Skip over a value in the range function in python

python loops for-loop range

149,094

Solution 1

You can use any of these:

# Create a range that does not contain 50
for i in [x for x in xrange(100) if x != 50]:
    print i

# Create 2 ranges [0,49] and [51, 100] (Python 2)
for i in range(50) + range(51, 100):
    print i

# Create a iterator and skip 50
xr = iter(xrange(100))
for i in xr:
    print i
    if i == 49:
        next(xr)

# Simply continue in the loop if the number is 50
for i in range(100):
    if i == 50:
        continue
    print i

Solution 2

In addition to the Python 2 approach here are the equivalents for Python 3:

# Create a range that does not contain 50
for i in [x for x in range(100) if x != 50]:
    print(i)

# Create 2 ranges [0,49] and [51, 100]
from itertools import chain
concatenated = chain(range(50), range(51, 100))
for i in concatenated:
    print(i)

# Create a iterator and skip 50
xr = iter(range(100))
for i in xr:
    print(i)
    if i == 49:
        next(xr)

# Simply continue in the loop if the number is 50
for i in range(100):
    if i == 50:
        continue
    print(i)

Ranges are lists in Python 2 and iterators in Python 3.

Solution 3

It is time inefficient to compare each number, needlessly leading to a linear complexity. Having said that, this approach avoids any inequality checks:

import itertools

m, n = 5, 10
for i in itertools.chain(range(m), range(m + 1, n)):
    print(i)  # skips m = 5

As an aside, you woudn't want to use (*range(m), *range(m + 1, n)) even though it works because it will expand the iterables into a tuple and this is memory inefficient.

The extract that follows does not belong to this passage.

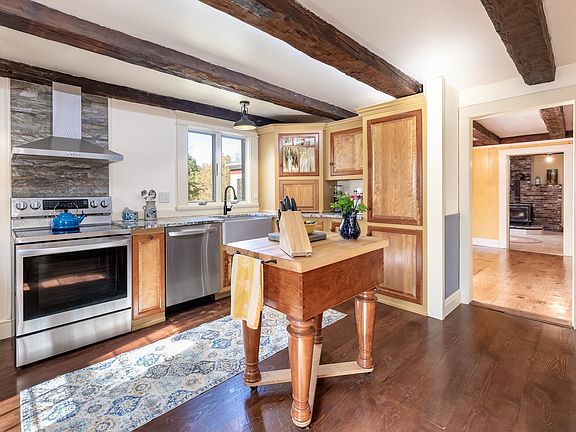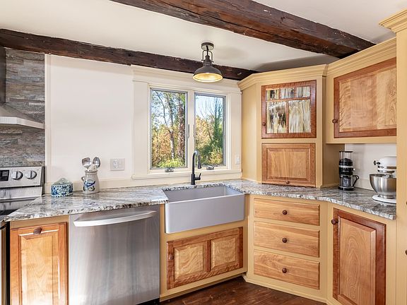 Belmont-- Own a piece of Lakes Region history- Welcome to the iconic Hickory Stick Farm, this classic red New England farmhouse blends antique charm with thoughtful updates across 5 picturesque acres adorned with gardens, old stone walls, and a traditional picket fence. Perfect for the homesteader or ideal for an in-home business. Inside, you’ll find 3 bedrooms and 3 baths anchored by the warmth of 4 wood burning fireplaces and wide-plank pine floors. The sunroom atrium offers a peaceful spot to enjoy morning coffee while the sun rises over the backyard oasis, while the inviting family/game room creates space for relaxation and entertainment. The kitchen is a showcase of craftsmanship, featuring custom cherry and curly red birch cabinetry and high-end finishes and built-ins throughout the home. Step outside to a setting designed for gathering and enjoyment. A screened gazebo is perfect for entertaining and summer evenings lounging by the in-ground pool adding to the property’s retreat-like feel. The two-story classic New England barn offers endless possibilities, while the detached, heated workshop—complete with a pellet stove—is ideal for a home business, woodworking, or car enthusiasts. This special property is steeped in history, rich in character, and surrounded by nature’s beauty. Hickory Stick Farm is a rare opportunity to own a timeless piece of New England heritage and create your own legacy on this iconic property.

Credit: comment by njzk2, answer by Locke

Solution 4

for i in range(0, 101):
if i != 50:
    do sth
else:
    pass

View more solutions

149,094

Author by

David

Updated on July 05, 2022

Comments

David almost 2 years
What is the pythonic way of looping through a range of numbers and skipping over one value? For example, the range is from 0 to 100 and I would like to skip 50.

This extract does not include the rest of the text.